I am currently helping my local PBS station redesign their website using a set of templates provided by PBS. It was decided that we should start using a CMS, and we chose Drupal to fill that role.
Here's the problem I'm having:
The template from PBS comes with four different pages. One frontpage-style, one similar to the front page but minus some elements, one like the previous one but with tabbed content, and one without a sidebar/second column. Here are examples of what the pages look like in the same order as above: Front page, Content Page, Tabbed content page, and One-column page.
What I cannot seem to find out is how to make this work. I have tried to do subthemes, but I don't understand it enough to make it work at all. I have set up a testing instance of D7 for working with the theme, and it can be found here.
But wait, there's more! How do you get the darned "submitted by..." to go away in D7? I can't find the option that all of my Google searching has pointed to.
Thanks in advance for your assistance, it is much appreciated!
Comments
To get the easier question
To get the easier question out of the way, to remove the "submitted by" information if you go Administration > Structure > Content types > Basic page and then look for the Display settings which should be at the bottom left of the settings page, uncheck that box and hit save content type. If you create any futher content types you'd obviously need to make sure that settings was unchecked on creation but now your Basic Pages will not show the unwanted information.

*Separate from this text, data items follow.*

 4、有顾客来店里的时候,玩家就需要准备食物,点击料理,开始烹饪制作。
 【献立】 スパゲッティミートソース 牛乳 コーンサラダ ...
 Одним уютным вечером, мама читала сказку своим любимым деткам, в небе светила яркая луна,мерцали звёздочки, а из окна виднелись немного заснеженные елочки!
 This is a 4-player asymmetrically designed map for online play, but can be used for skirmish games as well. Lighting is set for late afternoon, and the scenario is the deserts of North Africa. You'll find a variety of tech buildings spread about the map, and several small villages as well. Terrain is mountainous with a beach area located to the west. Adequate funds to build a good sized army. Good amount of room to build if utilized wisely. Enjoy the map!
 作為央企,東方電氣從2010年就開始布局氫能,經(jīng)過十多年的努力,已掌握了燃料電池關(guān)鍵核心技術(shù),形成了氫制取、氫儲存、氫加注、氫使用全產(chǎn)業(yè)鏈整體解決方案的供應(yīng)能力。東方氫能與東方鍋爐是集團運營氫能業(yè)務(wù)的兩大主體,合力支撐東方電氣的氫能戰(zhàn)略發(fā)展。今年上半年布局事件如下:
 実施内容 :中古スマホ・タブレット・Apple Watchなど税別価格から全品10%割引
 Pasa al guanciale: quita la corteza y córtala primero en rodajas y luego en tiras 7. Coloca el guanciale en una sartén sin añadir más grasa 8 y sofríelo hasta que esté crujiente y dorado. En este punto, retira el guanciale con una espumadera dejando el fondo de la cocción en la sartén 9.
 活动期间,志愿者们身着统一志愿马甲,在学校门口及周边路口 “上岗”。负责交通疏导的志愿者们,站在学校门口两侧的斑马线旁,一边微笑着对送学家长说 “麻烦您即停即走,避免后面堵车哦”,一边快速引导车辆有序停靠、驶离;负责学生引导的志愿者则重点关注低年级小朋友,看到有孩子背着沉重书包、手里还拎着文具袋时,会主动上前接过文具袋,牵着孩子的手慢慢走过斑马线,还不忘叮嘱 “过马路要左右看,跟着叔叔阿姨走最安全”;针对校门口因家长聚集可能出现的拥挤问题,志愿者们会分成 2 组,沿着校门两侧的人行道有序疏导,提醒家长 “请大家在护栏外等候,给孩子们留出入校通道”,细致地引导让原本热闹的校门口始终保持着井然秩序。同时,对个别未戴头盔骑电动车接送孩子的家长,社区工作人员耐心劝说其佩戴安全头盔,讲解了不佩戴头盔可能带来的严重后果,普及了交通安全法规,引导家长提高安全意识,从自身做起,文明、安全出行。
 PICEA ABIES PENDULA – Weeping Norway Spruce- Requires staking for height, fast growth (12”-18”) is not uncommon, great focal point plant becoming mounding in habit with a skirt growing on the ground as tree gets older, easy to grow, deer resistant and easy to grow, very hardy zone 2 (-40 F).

What may be of assistance to you for the page structuring that use tables is to install a wysiwyg module which will allow you to insert a table into your nodes "pages" a popular editor is http://drupal.org/project/ckeditor. Otherwise if you know html you could create the layout you want in whatever editor you use like Dreamweaver, paste the code into your node body and make sure the text format setting is changed to Full html when you save the node.
For tabbed content have a look at doing this with a module like http://drupal.org/project/quicktabs
To remove the sidebar/blocks on certain pages this can be done in the blocks settings page, you will probably want to set it to "display on all pages except" and the put the node paths in i.e node/1, guessing your using clean-urls?
There are quite a few ways to do what you've asked and various modules you may want to look into, Views, Panels or Context are pretty standard tools people use for layouts and overall page control which could be a good idea to look into. If you get stuck just ask.
Regards
Andy
Idea
I still don't know much of the terminology of Drupal, but I think I might have had a little breakthrough.
If I make part of the static-ish html into a block(?), can I have that display only on certain pages (e.g. the front page)?
Which brings me to another question. How do you define blocks? From what I've gathered they're defined by the regions[] lines.
I'll be doing some experimenting, but it seems to me like I might have stumbled upon something here.
Your better to ask and
Your better to ask and experiment than not so fire the questions in.
What you've basically got in your page.tpl.php defines where you can assign content to, this being the regions that you also specify in your info file. Say for example you have 3 regions setup in both your page.tpl.php and in your info file named sidebar_first, content and sidebar_second you can then assign blocks to these regions, i'm unaware that there is any limit to how many blocks you can have in one region but if there is i'm sure someone will provide that info.
Now, in your blocks settings in adminstration you'll see the default blocks that come with Drupal core and the regions you've specified in page.tpl.php and your info file. By selecting from the dropdown next to the block which region you'd like it to display in and saving your changes you will notice that the blocks will start showing in your site.
You can also create custom blocks by clicking that option at the top of the settings page, this is handy for displaying static html, images or you can run php code inside these as well. As you can probably grasp there's endless amounts of uses for those so no need for me to go into the list. With each block you can tell it to display on certain pages in that blocks settings. This is done by selecting how you want it displayed i.e all pages except x or only x pages.
Thats a basic summary of how blocks work without going into a silly amount of detail.
As said above ask if you have a question.
Andy
Setting up regions
One thing that has been bothering me since I started is this: I have to define regions in the .info file, but how do I designate where those regions are in the page.tpl.php?
Is that what something like
render($content);is for?It is my thinking that regions, blocks, and what-not are really only for dynamic content. Is that the 'best practice?'
Yeah, you basically add the
Yeah, you basically add the necccessary regions where they should be displayed in your html.
print render($page($header));That would print any block placed in the header region.
In terms of best practice that's how Drupal works, you assign a region, tell Drupal what to put inside the region, it displays what you've told it to. Not really much more to grasp than that, you just start asking it to do more complex tasks.